Proxmox VE 6.0-6 ZFS Replication issues/bug with 3 nodes


Aug 28, 2019

I've been tinkering with Proxmox since a few days and I'm trying to have a 3-node failover cluster.

I am running 3x Fujitsu RX300 S7 with the following specs:

- 2x Intel(R) Xeon(R) CPU E5-2620


- 8x SAS 300GB 2,5" with RAIDZ2

- 1x Dual 10GBit Card - Intel X520-DA2 / Fujitsu D2755 10GBit SFP+ PCIe NIC
(Broadcast Bond and Interconnected nodes for cluster and replication with DACs)

- 2x GBit Intel Onboard
- 2x GBit Intel PCIe
(Bonded as LACP to Ethernet Switch)

1x SAS2008 Controller flashed to IT-Mode with firmware version 19

RAIDZ2 built over 8 SAS-Drives with the guided initial Proxmox VE 6 Installer. All 3 pools are healthy. ZFS-ZED is additionally installed and is sending messages in case of a failure.

Proxmox is up-to-date (pveupdate && pveupgrade incl. reboot for kernel) and fencing is working with defaults - no hardware IPMI watchdogs are configured.
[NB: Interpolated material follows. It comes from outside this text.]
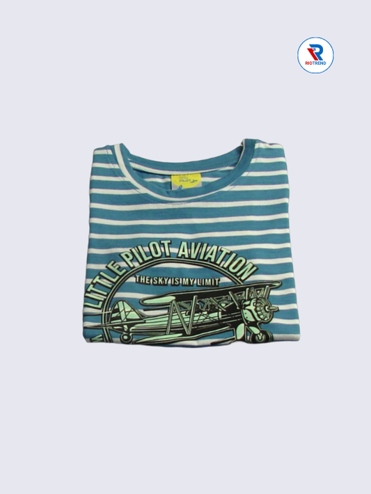 Boys' Round Neck Cotton Half Sleeve Little Pilot Aviation T-Shirt

Fencing is working as expected.

Nodes are called: pve01, pve02, pve03.

Initially I have 2 test-VMs sitting on the local-zfs of pve01.
- win10-64-01.test ID 100 (Guest Tools installed with virtio-win-0.1.171.iso - including Network, SCSI, Serial, Guest Tools, Ballooning inkl. blnsrv.exe -i - ZFS Thin Provisioned, SCSI Disk, Default (No cache), Discard active)
- ubn-1804-64-01 ID 101 (Ubuntu 18.04 LTS - no special customization in terms of tools - - ZFS Thin Provisioned, SCSI Disk, Default (No cache))

Now to the problem:
I've set up 2 replica-jobs for each of the VMs, one going to pve02, one going to pve03.
Replica goes fine without any reported errors.
"zfs list | grep -e 100 -e 101"
shows the same size on all 3 nodes.

HA is configured as the following:


If I simulate failing the host pve01 by going to iRMC (out of band management console) and typing ifdown bond0 (2x 1Gbit LACP Trunk) && ifdown bond1 (10GBit Interconnect Broadcast bond) and shutting it down via iRMC after the watchdog is trying to reboot proxmox, the HA-Manager on pve02/pve03 seems to kick in after around 3,5 minutes and restarts both VMs on pve02.

After a while I restart pve01 and let it boot up completely.
The next step would be to let it re-replicate to pve01 and simulate a offline node pve02.

By now the replication jobs are somewhat in a bugged state:

root@pve02:~# tail /var/log/pve/replicate/100-1
2019-08-28 18:36:01 100-1: start replication job
2019-08-28 18:36:01 100-1: guest => VM 100, running => 2397745
2019-08-28 18:36:01 100-1: volumes => local-zfs:vm-100-disk-0
2019-08-28 18:36:03 100-1: freeze guest filesystem
2019-08-28 18:36:04 100-1: create snapshot '__replicate_100-1_1567010161__' on local-zfs:vm-100-disk-0
2019-08-28 18:36:04 100-1: thaw guest filesystem
2019-08-28 18:36:06 100-1: full sync 'local-zfs:vm-100-disk-0' (__replicate_100-1_1567010161__)
2019-08-28 18:36:08 100-1: delete previous replication snapshot '__replicate_100-1_1567010161__' on local-zfs:vm-100- disk-0
2019-08-28 18:36:08 100-1: end replication job with error: command 'set -o pipefail && pvesm export local-zfs:vm-100- disk-0 zfs - -with-snapshots 1 -snapshot __replicate_100-1_1567010161__' failed: exit code 1

Same thing for the other job, 100-0.

If I delete the ZFS disks "vm-100-disk-0" on pve01 and pve03, the replica starts to work again.
Is this expected behaviour?

Any ideas?

Thank you very much in advance!



I've read the wiki and this specific warning, this is why I've set the following HA-Profile:
View attachment 11593

as you can see, it's set to "nofailback" - so if pve01 comes back online again, it shouldn't be the more preffered node or not?

For replication logic "nofailback" does not make any difference: the node where the VM had been hosted originally remains the "more preferred" one regardless the HA settings.